To summarize: the method takes spongy porous foamed nickel as a carrier, super-hydrophobic nano carbon powder as a filler and hydrophobic polydimethylsiloxane as a binder, prepares a single-layer super-hydrophobic foamed nickel composite material by a simple suspension immersion method and a heating curing method, and then prepares a multi-layer composite material with high porosity and a multi-stage coarse structure by single lamination by using a press for water-in-oil emulsion separation. The surface of the micro-nano structure has good super-hydrophobic characteristics in air and under oil, and in addition, the multilayer high-efficiency water-in-oil emulsion separation membrane prepared from the multilayer composite material shows excellent chemical stability, mechanical tensile resistance and wear resistance in the process of high-efficiency emulsion separation, and can be repeatedly used.

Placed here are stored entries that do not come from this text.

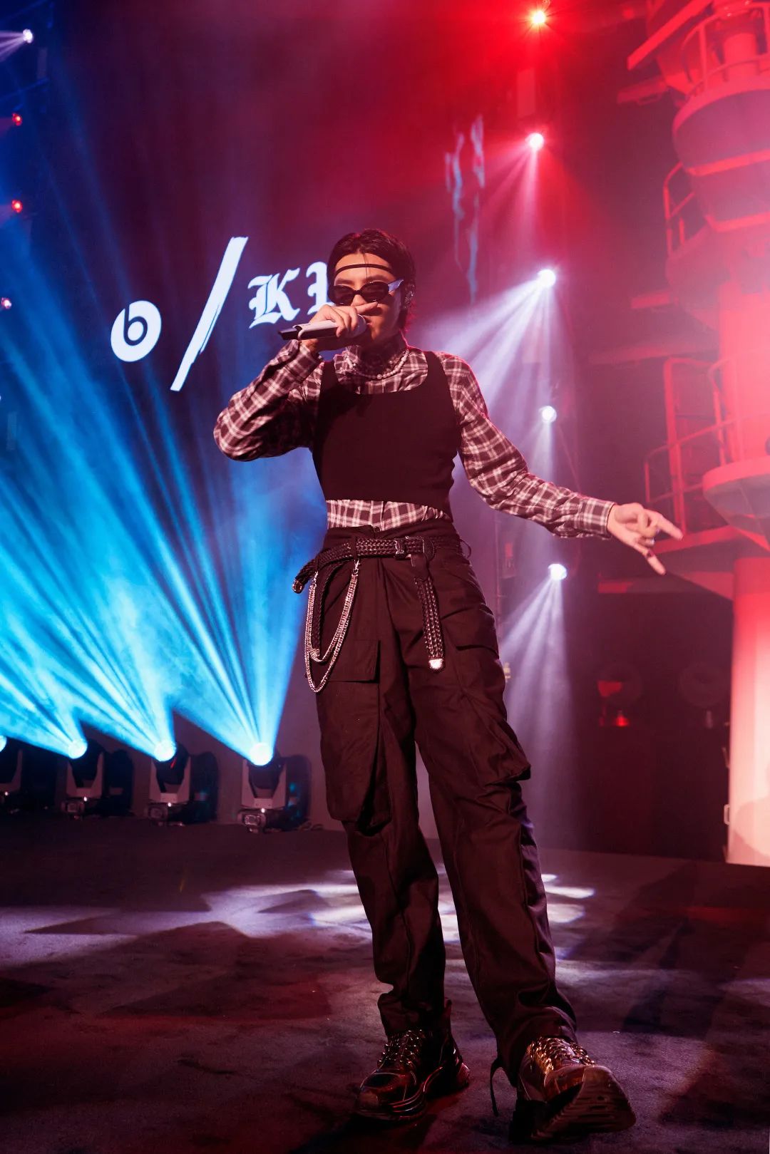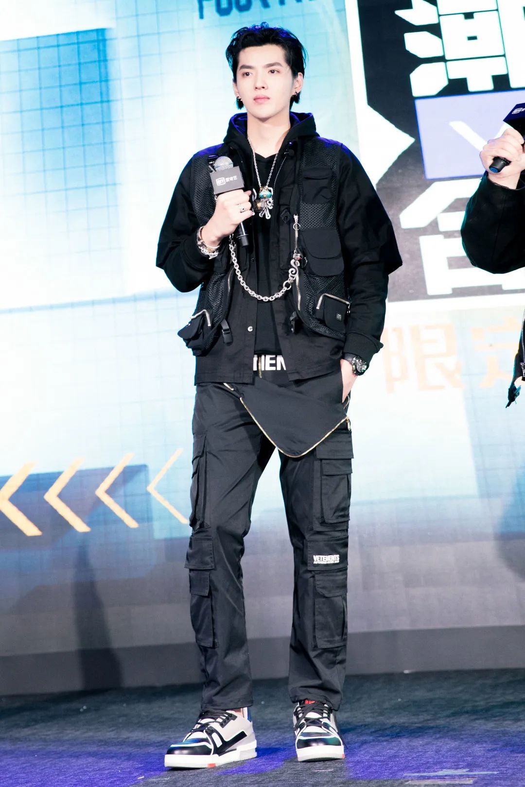 单说《中国新说唱》总决赛的这身造型,上半身黑色系工装风,下半身长筒袜配运动鞋,再来个蓝色墨镜,简直把“混搭”玩得前卫又精彩,什么搭配穿在他身上都成立。
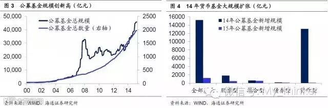从基金角度观察,14 年公募基金规模创出历史新高,接近4.5 万亿,当年新增1.5万亿,其中主要的增量来自于货币基金,14 年货基新增规模达到1.3 万亿,目前货基已经占据了公募基金的半壁江山。
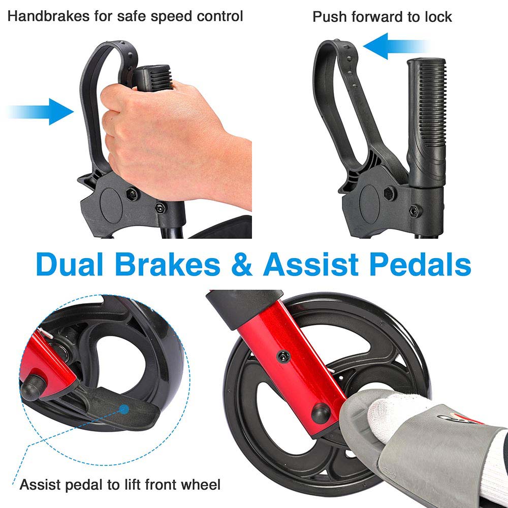- Dual Brakes & Assist Pedals - Press handbrakes for an emergency stop or slowing down when going down the slope, or pull down to lock rear wheels when you need to stand up or park the rollator; Assist pedals on 2 rear wheels to help you lift front wheels a little bit for easier rolling over uneven road surface.
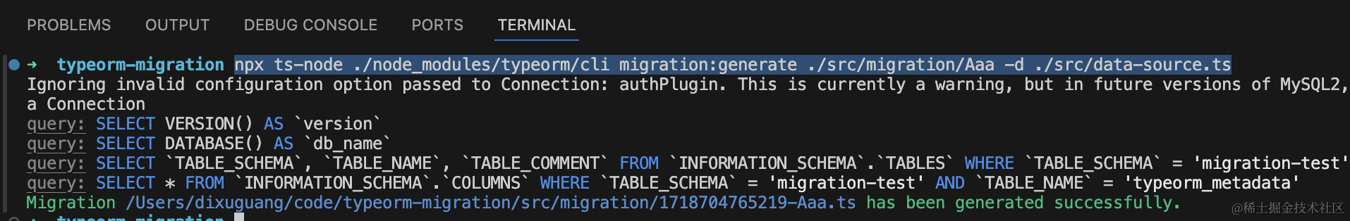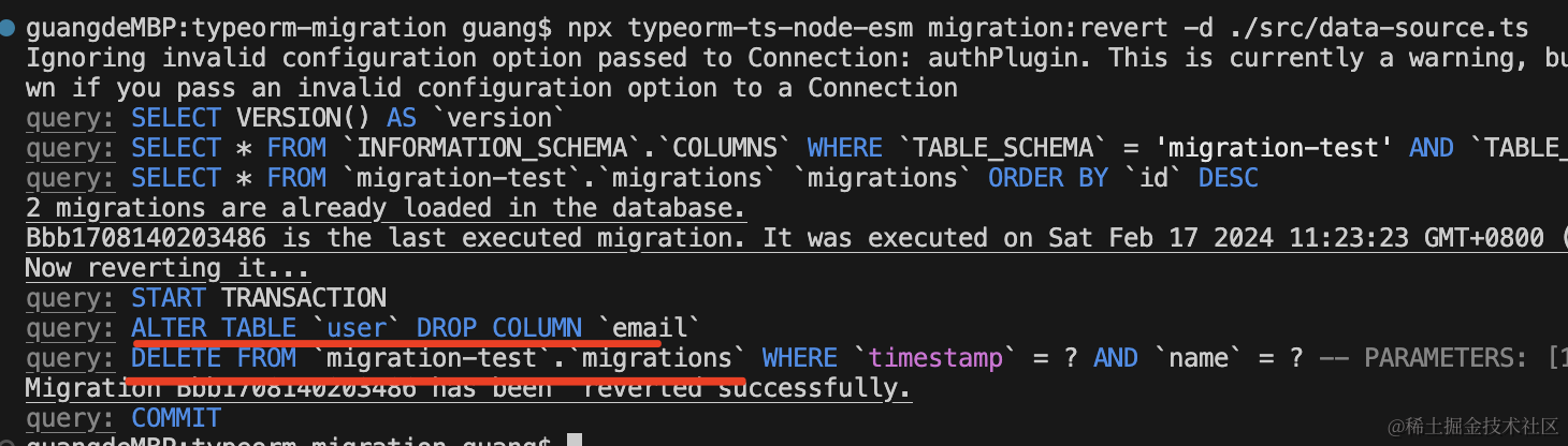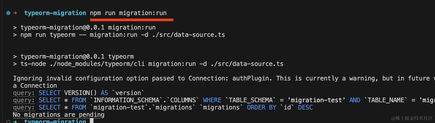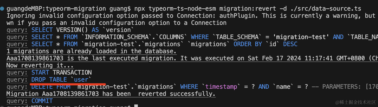 "migration:revert": "npm run typeorm -- migration:revert -d ./src/data-source.ts"这样用起来就简单多了:

Finally, it should be noted that the above-mentioned contents are only used for illustrating the technical solutions of the present invention, and not for limiting the protection scope of the present invention, and that the simple modifications or equivalent substitutions of the technical solutions of the present invention by those of ordinary skill in the art can be made without departing from the spirit and scope of the technical solutions of the present invention.